--- START ---
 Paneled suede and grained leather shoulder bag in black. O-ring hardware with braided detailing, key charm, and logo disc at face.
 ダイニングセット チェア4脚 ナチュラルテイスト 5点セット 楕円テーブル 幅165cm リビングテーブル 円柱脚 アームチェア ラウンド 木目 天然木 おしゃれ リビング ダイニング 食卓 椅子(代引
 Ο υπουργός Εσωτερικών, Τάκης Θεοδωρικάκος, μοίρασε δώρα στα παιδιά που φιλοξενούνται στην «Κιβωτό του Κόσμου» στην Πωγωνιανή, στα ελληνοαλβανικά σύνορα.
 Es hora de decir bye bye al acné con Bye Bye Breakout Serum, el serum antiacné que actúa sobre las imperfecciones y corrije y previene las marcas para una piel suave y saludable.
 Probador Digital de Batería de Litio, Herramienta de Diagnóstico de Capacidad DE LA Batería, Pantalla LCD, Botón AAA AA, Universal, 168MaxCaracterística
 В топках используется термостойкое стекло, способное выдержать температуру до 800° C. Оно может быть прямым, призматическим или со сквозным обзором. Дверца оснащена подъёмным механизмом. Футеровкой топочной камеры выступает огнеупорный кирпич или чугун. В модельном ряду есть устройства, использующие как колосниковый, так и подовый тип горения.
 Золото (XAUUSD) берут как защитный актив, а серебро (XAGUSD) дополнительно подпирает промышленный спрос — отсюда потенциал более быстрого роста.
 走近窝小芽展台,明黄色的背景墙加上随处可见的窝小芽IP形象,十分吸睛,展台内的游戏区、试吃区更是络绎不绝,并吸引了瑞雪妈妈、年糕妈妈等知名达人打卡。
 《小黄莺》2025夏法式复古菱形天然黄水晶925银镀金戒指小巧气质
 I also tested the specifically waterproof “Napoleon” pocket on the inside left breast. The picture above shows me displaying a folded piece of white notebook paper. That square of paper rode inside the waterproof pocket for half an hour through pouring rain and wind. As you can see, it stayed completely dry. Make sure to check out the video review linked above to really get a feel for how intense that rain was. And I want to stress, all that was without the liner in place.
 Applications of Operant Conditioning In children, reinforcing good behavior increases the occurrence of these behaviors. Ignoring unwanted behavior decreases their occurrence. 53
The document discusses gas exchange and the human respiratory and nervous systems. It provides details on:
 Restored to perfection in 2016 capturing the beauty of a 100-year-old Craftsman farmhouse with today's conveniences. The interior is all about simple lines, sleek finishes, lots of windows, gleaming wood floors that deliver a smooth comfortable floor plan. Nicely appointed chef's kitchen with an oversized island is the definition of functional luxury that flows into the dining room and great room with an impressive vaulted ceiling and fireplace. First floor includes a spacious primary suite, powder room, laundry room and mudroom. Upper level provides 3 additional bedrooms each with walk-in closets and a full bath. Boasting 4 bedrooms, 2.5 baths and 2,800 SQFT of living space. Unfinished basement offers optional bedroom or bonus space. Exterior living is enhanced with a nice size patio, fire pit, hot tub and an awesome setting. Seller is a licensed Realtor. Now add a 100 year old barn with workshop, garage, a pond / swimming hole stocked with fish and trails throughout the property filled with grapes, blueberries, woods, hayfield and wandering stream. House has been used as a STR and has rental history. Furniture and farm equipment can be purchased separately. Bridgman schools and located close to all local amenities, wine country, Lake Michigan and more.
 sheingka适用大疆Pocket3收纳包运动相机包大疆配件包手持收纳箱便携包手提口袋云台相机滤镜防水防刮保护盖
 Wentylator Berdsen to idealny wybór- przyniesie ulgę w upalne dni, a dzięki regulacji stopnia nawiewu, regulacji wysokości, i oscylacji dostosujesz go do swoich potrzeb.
--- END ---
▶ **What you will do**
Reproduce the whole listing above exactly.

▶ **Output of the task**
 Paneled suede and grained leather shoulder bag in black. O-ring hardware with braided detailing, key charm, and logo disc at face.
 ダイニングセット チェア4脚 ナチュラルテイスト 5点セット 楕円テーブル 幅165cm リビングテーブル 円柱脚 アームチェア ラウンド 木目 天然木 おしゃれ リビング ダイニング 食卓 椅子(代引
 Ο υπουργός Εσωτερικών, Τάκης Θεοδωρικάκος, μοίρασε δώρα στα παιδιά που φιλοξενούνται στην «Κιβωτό του Κόσμου» στην Πωγωνιανή, στα ελληνοαλβανικά σύνορα.
 Es hora de decir bye bye al acné con Bye Bye Breakout Serum, el serum antiacné que actúa sobre las imperfecciones y corrije y previene las marcas para una piel suave y saludable.
 Probador Digital de Batería de Litio, Herramienta de Diagnóstico de Capacidad DE LA Batería, Pantalla LCD, Botón AAA AA, Universal, 168MaxCaracterística
 В топках используется термостойкое стекло, способное выдержать температуру до 800° C. Оно может быть прямым, призматическим или со сквозным обзором. Дверца оснащена подъёмным механизмом. Футеровкой топочной камеры выступает огнеупорный кирпич или чугун. В модельном ряду есть устройства, использующие как колосниковый, так и подовый тип горения.
 Золото (XAUUSD) берут как защитный актив, а серебро (XAGUSD) дополнительно подпирает промышленный спрос — отсюда потенциал более быстрого роста.
 走近窝小芽展台,明黄色的背景墙加上随处可见的窝小芽IP形象,十分吸睛,展台内的游戏区、试吃区更是络绎不绝,并吸引了瑞雪妈妈、年糕妈妈等知名达人打卡。
 《小黄莺》2025夏法式复古菱形天然黄水晶925银镀金戒指小巧气质
 I also tested the specifically waterproof “Napoleon” pocket on the inside left breast. The picture above shows me displaying a folded piece of white notebook paper. That square of paper rode inside the waterproof pocket for half an hour through pouring rain and wind. As you can see, it stayed completely dry. Make sure to check out the video review linked above to really get a feel for how intense that rain was. And I want to stress, all that was without the liner in place.
 Applications of Operant Conditioning In children, reinforcing good behavior increases the occurrence of these behaviors. Ignoring unwanted behavior decreases their occurrence. 53
The document discusses gas exchange and the human respiratory and nervous systems. It provides details on:
 Restored to perfection in 2016 capturing the beauty of a 100-year-old Craftsman farmhouse with today's conveniences. The interior is all about simple lines, sleek finishes, lots of windows, gleaming wood floors that deliver a smooth comfortable floor plan. Nicely appointed chef's kitchen with an oversized island is the definition of functional luxury that flows into the dining room and great room with an impressive vaulted ceiling and fireplace. First floor includes a spacious primary suite, powder room, laundry room and mudroom. Upper level provides 3 additional bedrooms each with walk-in closets and a full bath. Boasting 4 bedrooms, 2.5 baths and 2,800 SQFT of living space. Unfinished basement offers optional bedroom or bonus space. Exterior living is enhanced with a nice size patio, fire pit, hot tub and an awesome setting. Seller is a licensed Realtor. Now add a 100 year old barn with workshop, garage, a pond / swimming hole stocked with fish and trails throughout the property filled with grapes, blueberries, woods, hayfield and wandering stream. House has been used as a STR and has rental history. Furniture and farm equipment can be purchased separately. Bridgman schools and located close to all local amenities, wine country, Lake Michigan and more.
 sheingka适用大疆Pocket3收纳包运动相机包大疆配件包手持收纳箱便携包手提口袋云台相机滤镜防水防刮保护盖
 Wentylator Berdsen to idealny wybór- przyniesie ulgę w upalne dni, a dzięki regulacji stopnia nawiewu, regulacji wysokości, i oscylacji dostosujesz go do swoich potrzeb.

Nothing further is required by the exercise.